*** Block opens ***

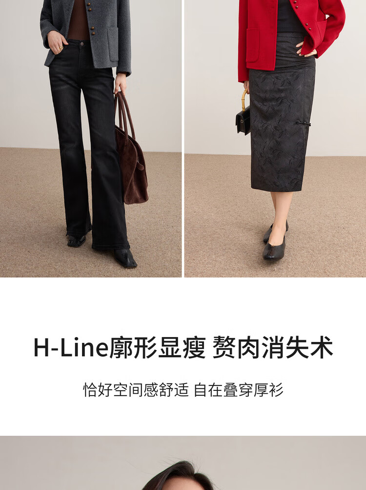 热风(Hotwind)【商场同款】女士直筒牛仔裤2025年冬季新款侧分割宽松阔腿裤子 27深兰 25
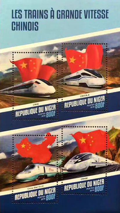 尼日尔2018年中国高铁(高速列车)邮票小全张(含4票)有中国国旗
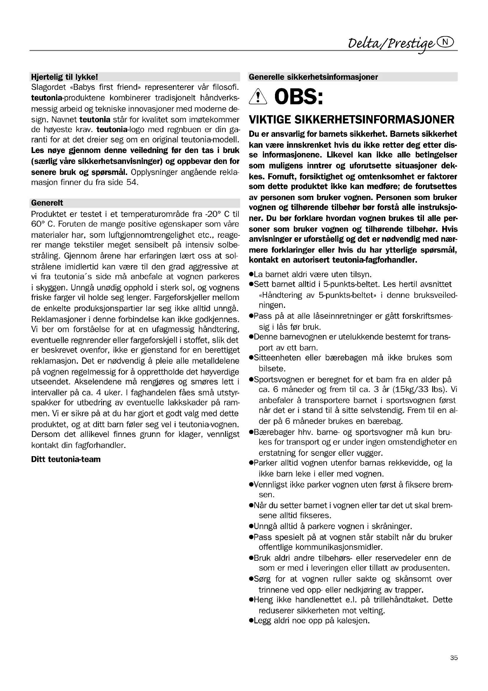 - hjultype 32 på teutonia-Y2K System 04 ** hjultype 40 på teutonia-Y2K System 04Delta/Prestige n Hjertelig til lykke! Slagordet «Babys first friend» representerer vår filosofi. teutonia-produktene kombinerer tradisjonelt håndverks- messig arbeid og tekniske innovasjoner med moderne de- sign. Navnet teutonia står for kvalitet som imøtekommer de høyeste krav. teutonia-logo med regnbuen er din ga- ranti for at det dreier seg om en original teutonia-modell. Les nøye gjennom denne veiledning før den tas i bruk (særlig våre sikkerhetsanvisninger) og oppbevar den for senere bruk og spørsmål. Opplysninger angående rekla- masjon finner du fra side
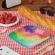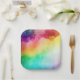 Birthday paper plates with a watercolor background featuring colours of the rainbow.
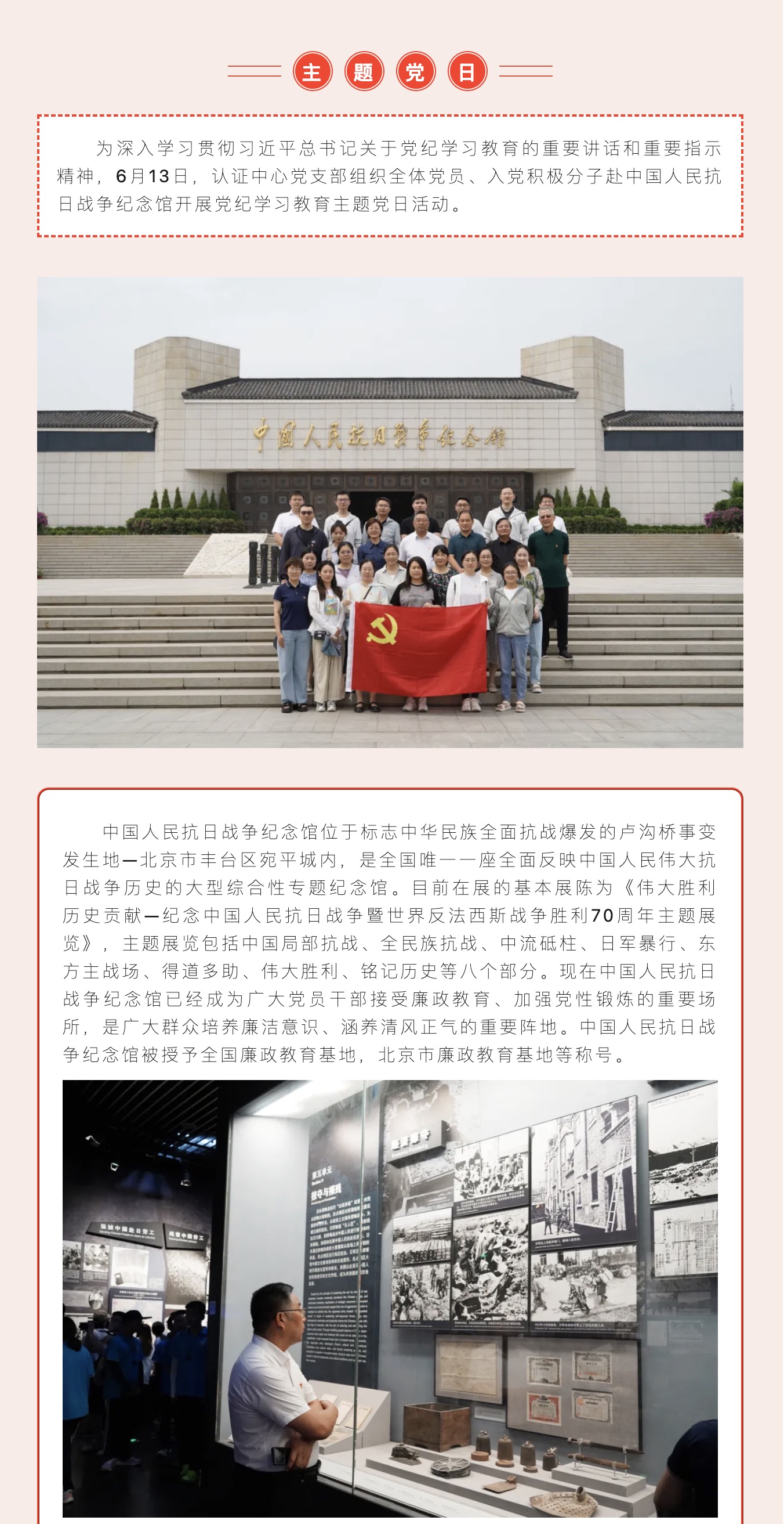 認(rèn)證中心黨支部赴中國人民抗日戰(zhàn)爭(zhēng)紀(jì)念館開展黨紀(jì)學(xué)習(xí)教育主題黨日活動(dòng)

*** Block closes ***
*** Block opens ***

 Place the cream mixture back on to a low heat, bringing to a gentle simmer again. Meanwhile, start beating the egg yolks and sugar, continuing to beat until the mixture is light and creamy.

*** Block closes ***
*** Block opens ***

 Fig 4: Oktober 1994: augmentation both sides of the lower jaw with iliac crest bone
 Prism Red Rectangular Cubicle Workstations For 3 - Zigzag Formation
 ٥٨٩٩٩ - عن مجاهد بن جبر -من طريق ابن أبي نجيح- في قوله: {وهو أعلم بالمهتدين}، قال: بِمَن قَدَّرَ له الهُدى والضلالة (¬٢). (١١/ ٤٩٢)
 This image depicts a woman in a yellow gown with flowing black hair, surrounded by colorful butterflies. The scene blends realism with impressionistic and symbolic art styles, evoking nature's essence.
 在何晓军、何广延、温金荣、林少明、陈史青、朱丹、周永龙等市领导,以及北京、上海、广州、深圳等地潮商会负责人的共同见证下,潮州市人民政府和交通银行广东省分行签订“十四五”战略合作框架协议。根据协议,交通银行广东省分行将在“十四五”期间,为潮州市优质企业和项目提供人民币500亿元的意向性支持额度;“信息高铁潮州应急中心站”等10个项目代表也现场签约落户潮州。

*** Block closes ***

Only one stretch of the entries above is needed: the lines from the one containing "热风(Hotwind)【商场同款】女士直筒牛仔裤2025年冬季新款侧分割宽松阔腿裤子 27深兰 25" through the one containing "尼日尔2018年中国高铁(高速列车)邮票小全张(含4票)有中国国旗". Copy it exactly, without the pictures.

 热风(Hotwind)【商场同款】女士直筒牛仔裤2025年冬季新款侧分割宽松阔腿裤子 27深兰 25
 尼日尔2018年中国高铁(高速列车)邮票小全张(含4票)有中国国旗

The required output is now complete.